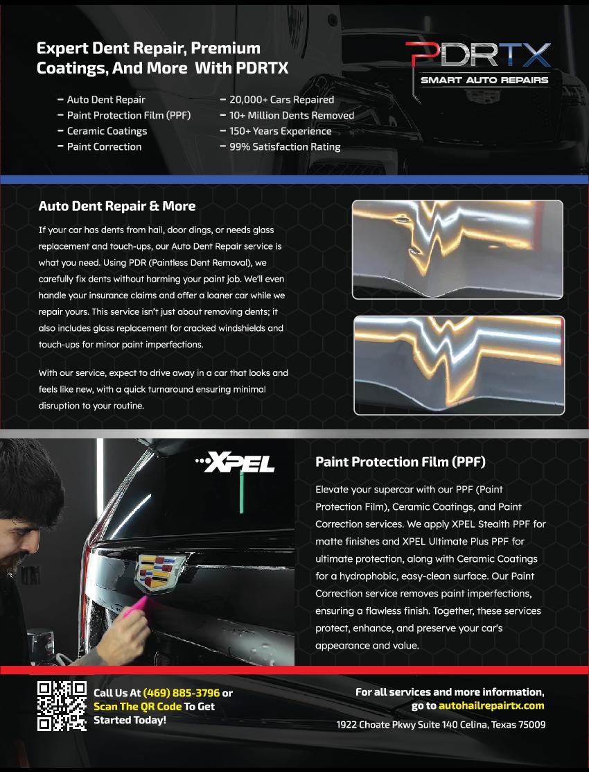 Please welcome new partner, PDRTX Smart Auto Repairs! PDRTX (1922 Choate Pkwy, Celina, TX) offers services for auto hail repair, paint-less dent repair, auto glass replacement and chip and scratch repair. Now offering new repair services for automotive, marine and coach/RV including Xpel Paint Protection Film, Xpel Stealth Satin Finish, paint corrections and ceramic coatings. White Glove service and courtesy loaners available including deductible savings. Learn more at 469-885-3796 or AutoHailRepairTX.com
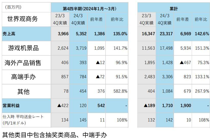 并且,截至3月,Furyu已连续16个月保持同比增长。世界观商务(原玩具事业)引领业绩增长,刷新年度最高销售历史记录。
* * *
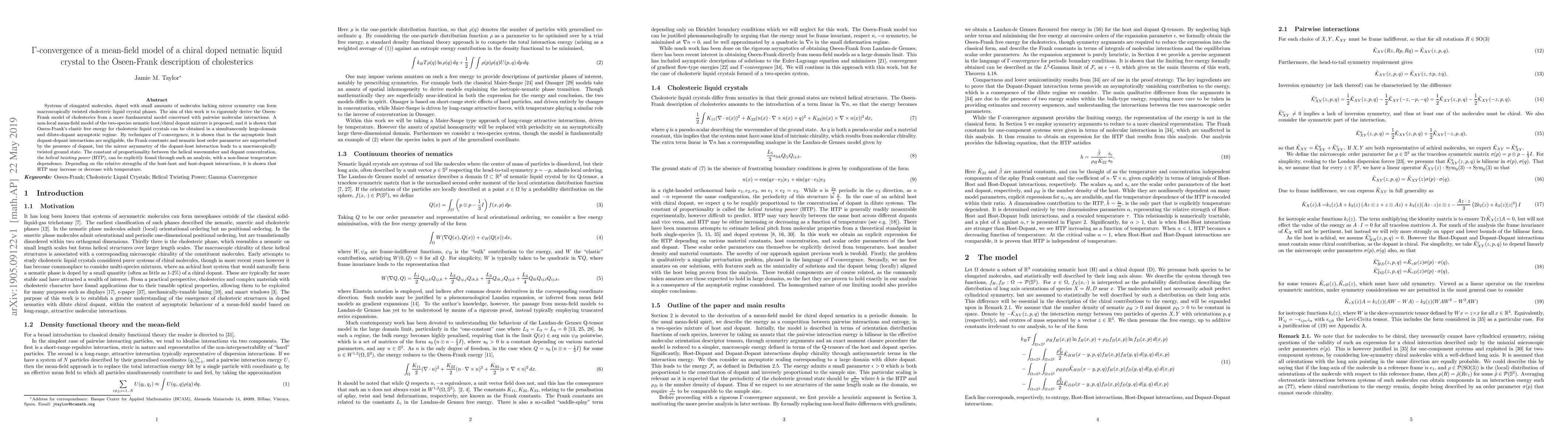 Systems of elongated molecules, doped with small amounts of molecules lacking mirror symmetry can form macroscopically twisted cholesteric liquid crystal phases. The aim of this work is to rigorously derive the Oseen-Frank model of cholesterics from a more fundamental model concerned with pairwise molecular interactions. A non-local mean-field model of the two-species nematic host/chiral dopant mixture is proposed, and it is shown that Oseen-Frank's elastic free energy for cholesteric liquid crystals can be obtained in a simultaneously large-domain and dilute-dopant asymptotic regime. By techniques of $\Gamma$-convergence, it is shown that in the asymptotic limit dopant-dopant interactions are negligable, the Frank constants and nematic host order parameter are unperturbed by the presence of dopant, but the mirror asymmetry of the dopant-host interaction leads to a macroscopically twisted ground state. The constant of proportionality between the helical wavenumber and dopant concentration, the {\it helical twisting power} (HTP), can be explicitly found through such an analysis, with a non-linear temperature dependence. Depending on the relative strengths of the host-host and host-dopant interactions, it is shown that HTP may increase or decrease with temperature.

PROBLEM TO SOLVE: Exact repeat of the material above: every line from the one with "Please welcome new" through the one with "并且,截至3月,Furyu已", endpoints included, and nothing more. No pictures.

SOLUTION TO THIS PROBLEM:
 Please welcome new partner, PDRTX Smart Auto Repairs! PDRTX (1922 Choate Pkwy, Celina, TX) offers services for auto hail repair, paint-less dent repair, auto glass replacement and chip and scratch repair. Now offering new repair services for automotive, marine and coach/RV including Xpel Paint Protection Film, Xpel Stealth Satin Finish, paint corrections and ceramic coatings. White Glove service and courtesy loaners available including deductible savings. Learn more at 469-885-3796 or AutoHailRepairTX.com
 并且,截至3月,Furyu已连续16个月保持同比增长。世界观商务(原玩具事业)引领业绩增长,刷新年度最高销售历史记录。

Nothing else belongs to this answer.